▶ [PROBLEM TO SOLVE]: A faithful transcription is wanted of the lines from the top of the material through the line that holds "5.申請者の理事、監事及び評議員等に関する明細表 6.申請者の経理等に関する明細表 |", both ends included, leaving out the pictures.

=== PROVIDED MATERIAL ===

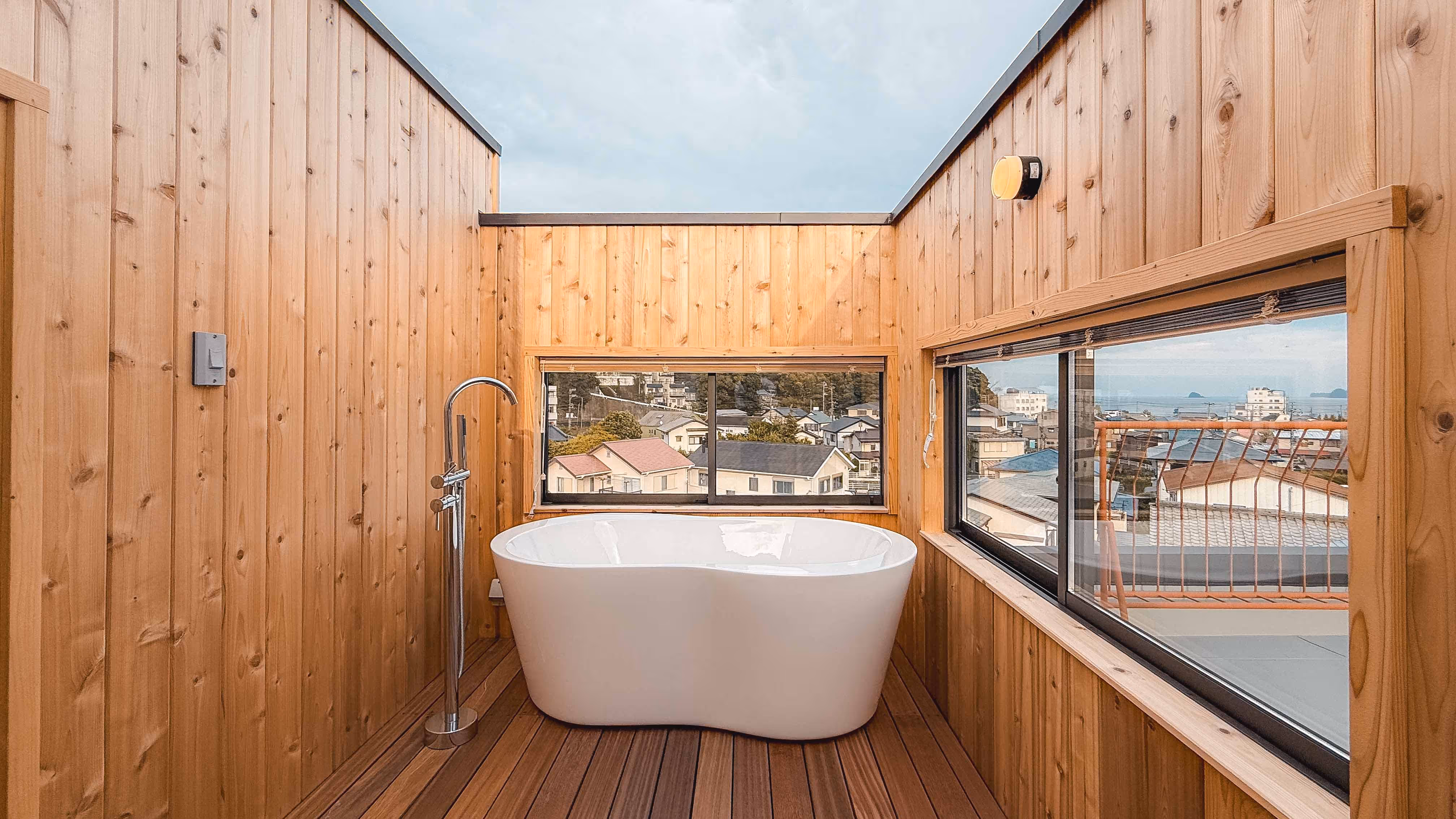 Palco Marino – Ocean View Residence in Usami, Ito City This modern three-story reinforced concrete house offers stunning panoramic ocean views from its spacious rooftop terrace. Palco Marino combines serene seaside living with the comfort of contemporary design. Located just a 7-minute walk from JR Usami Station, the property features 4 bedrooms + 1 storage room + living/dining/kitchen + garage on a total land area of 706㎡, with a building area of 212.68㎡. Enjoy the convenience of a 69㎡ garage, perfect for multiple cars or creative space. The highlight of this residence is its rooftop sauna — an ideal place to unwind while overlooking the beautiful Sagami Bay. Large windows fill the interior with natural light, and the elevated position provides a peaceful atmosphere surrounded by greenery and sea breeze. Nearby, you’ll find supermarkets, convenience stores, and local amenities within a short walk, making this property perfect as both a vacation home or permanent seaside residence.
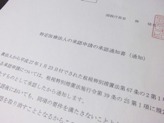 | 承認申請 | 相談窓口は所轄国税局(正式な申請書の提出先は所轄税務署長) | 1.寄附行為又は定款の写し 2.申請時の直近に終了した事業年度に係る厚生労働大臣の定める基準を満たす旨の証明書 (都道府県知事より交付) 3.申請者の医療施設等の明細表 4.承認要件を満たす旨を説明する書類 5.申請者の理事、監事及び評議員等に関する明細表 6.申請者の経理等に関する明細表 |
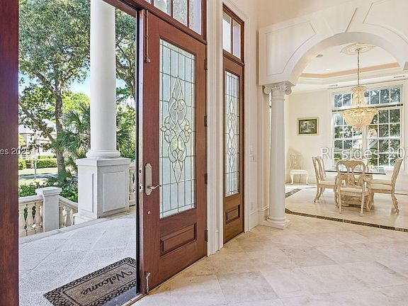 Experience stunning harbourfront living at 63 Bridgetown Road, where sweeping views of Wexford Harbour and the Clubhouse set the stage for breathtaking sunsets and elegant Lowcountry living. Two levels of rear decks, a 70' private dock, and a private pool with a covered lanai create an unmatched setting for outdoor entertaining and relaxation.Inside, the main level offers a spacious and thoughtfully designed layout perfect for both everyday comfort and hosting guests. The home features a formal living room, a cozy family room off of the spacious kitchen, a dedicated office, and a formal dining room. The main-level primary suite is exceptionally large, showcasing beautiful harbour views, dual walk-in closets, and luxurious finishes. A powder room, convenient laundry area, and easy elevator access complete this level, blending elegance with practicality.Upstairs, you'll find the second primary suite along with two additional ensuite bedrooms. A generous game room with a bar and full bath adds to the versatility of the space - it can easily serve as a fifth bedroom, media room, or entertainment area. A second laundry room adds convenience for upper-level living.On the ground level, a finished drive-through garage offers exceptional functionality with room for four or more vehicles-a rare feature in Wexford that combines practicality with luxury.As a Wexford resident, you'll enjoy world-class amenities including a private marina, championship golf, tennis and pickleball courts, croquet, clubhouse dining, a resort-style pool complex, and a vibrant year-round social calendar. Exciting improvements are underway - an expanded Clubhouse and a brand-new Harbour Center are scheduled for completion in April 2026, enhancing Wexford's already unmatched lifestyle experience.With timeless design, versatile living spaces, and spectacular sunset views, 63 Bridgetown Road stands as a truly remarkable waterfront residence in one of Hilton Head Island's most distinguished private communities.

===

▶ [EXPECTED ANSWER]:
 Palco Marino – Ocean View Residence in Usami, Ito City This modern three-story reinforced concrete house offers stunning panoramic ocean views from its spacious rooftop terrace. Palco Marino combines serene seaside living with the comfort of contemporary design. Located just a 7-minute walk from JR Usami Station, the property features 4 bedrooms + 1 storage room + living/dining/kitchen + garage on a total land area of 706㎡, with a building area of 212.68㎡. Enjoy the convenience of a 69㎡ garage, perfect for multiple cars or creative space. The highlight of this residence is its rooftop sauna — an ideal place to unwind while overlooking the beautiful Sagami Bay. Large windows fill the interior with natural light, and the elevated position provides a peaceful atmosphere surrounded by greenery and sea breeze. Nearby, you’ll find supermarkets, convenience stores, and local amenities within a short walk, making this property perfect as both a vacation home or permanent seaside residence.
 | 承認申請 | 相談窓口は所轄国税局(正式な申請書の提出先は所轄税務署長) | 1.寄附行為又は定款の写し 2.申請時の直近に終了した事業年度に係る厚生労働大臣の定める基準を満たす旨の証明書 (都道府県知事より交付) 3.申請者の医療施設等の明細表 4.承認要件を満たす旨を説明する書類 5.申請者の理事、監事及び評議員等に関する明細表 6.申請者の経理等に関する明細表 |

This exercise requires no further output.